YERUSALEM – Kabar bahagia datang bagi umat Muslim dunia. Masjid Al Aqsa akhirnya kembali dibuka pada Kamis (9/4/2026), setelah ditutup selama 40 hari akibat situasi konflik di kawasan tersebut.
Masjid yang berada di wilayah Yerusalem Timur itu kembali dibuka saat waktu fajar. Ratusan umat Muslim Palestina langsung memadati kompleks Al Haram Al Sharif untuk melaksanakan ibadah.
Tangis Haru Sambut Pembukaan
Suasana haru menyelimuti pembukaan kembali masjid suci tersebut.
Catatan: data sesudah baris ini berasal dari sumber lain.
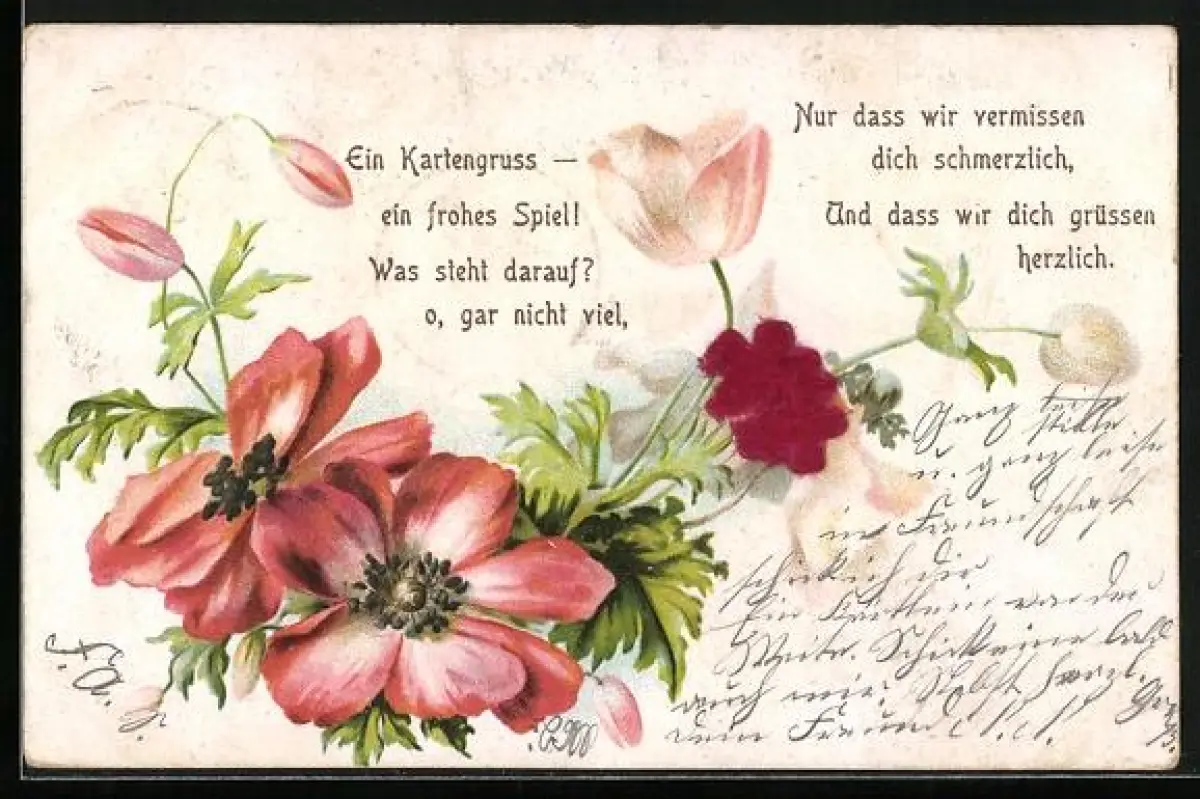 Stoff-Präge-AK Ein Kartengruss, ein frohes Spiel!..., Mohnblumen
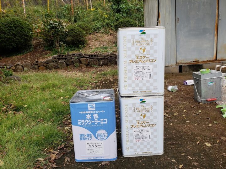 外壁の上塗りにはSKプレミアムシリコンを使用しました。
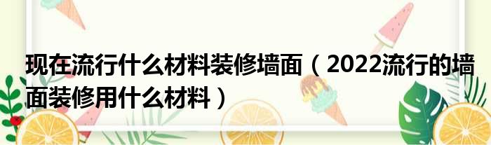 现在流行什么材料装修墙面(2022流行的墙面装修用什么材料)
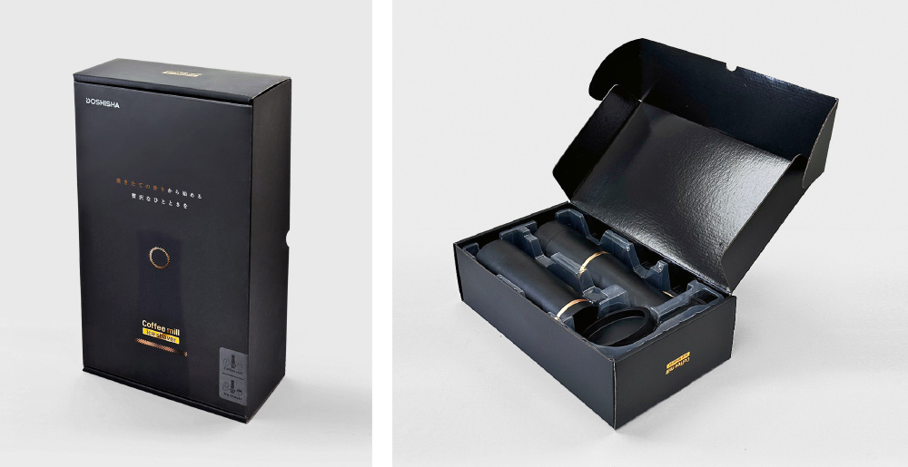 本体デザインに合わせた、マットブラックのシンプルなギフト仕様パッケージです。

Diiringi lantunan adzan Subuh, jemaah terlihat meneteskan air mata dan melakukan sujud syukur.
Sebagian besar jemaah kemudian berbaris membentuk shaf untuk melaksanakan salat Subuh berjamaah, yang menjadi ibadah perdana setelah penutupan panjang.
Ditutup Sejak Konflik Memanas
Masjid Al Aqsa sebelumnya ditutup sejak 28 Februari 2026, seiring meningkatnya konflik antara Israel, Amerika Serikat, dan Iran.
Selama masa penutupan, seluruh akses menuju masjid diblokir. Hanya staf masjid dan pejabat wakaf Islam yang diizinkan memasuki area tersebut.
Akibatnya, warga Palestina terpaksa melaksanakan ibadah di masjid-masjid kecil di sekitar kota.
Idulfitri Tanpa Salat di Al Aqsa
Penutupan juga berdampak pada perayaan Idul Fitri 1447 Hijriah, di mana umat Muslim tidak diperbolehkan melaksanakan salat Id di Masjid Al Aqsa.
Penutupan ini menjadi salah satu yang paling signifikan sejak pendudukan Yerusalem Timur oleh Israel pada tahun 1967.
Ketegangan Masih Berlanjut
Sebelumnya, Menteri Keamanan Nasional Israel Itamar Ben-Gvir sempat memasuki kompleks masjid saat masih ditutup, memicu sorotan internasional.
Selain Masjid Al Aqsa, otoritas Israel juga menutup Gereja Makam Kudus dalam periode yang sama.
Meski kini telah dibuka, status darurat di wilayah tersebut masih diperpanjang hingga pertengahan April 2026.
Harapan untuk Kedamaian
Pembukaan kembali Masjid Al Aqsa disambut sebagai momen penting bagi umat Muslim, sekaligus menjadi simbol harapan di tengah situasi konflik yang masih berlangsung.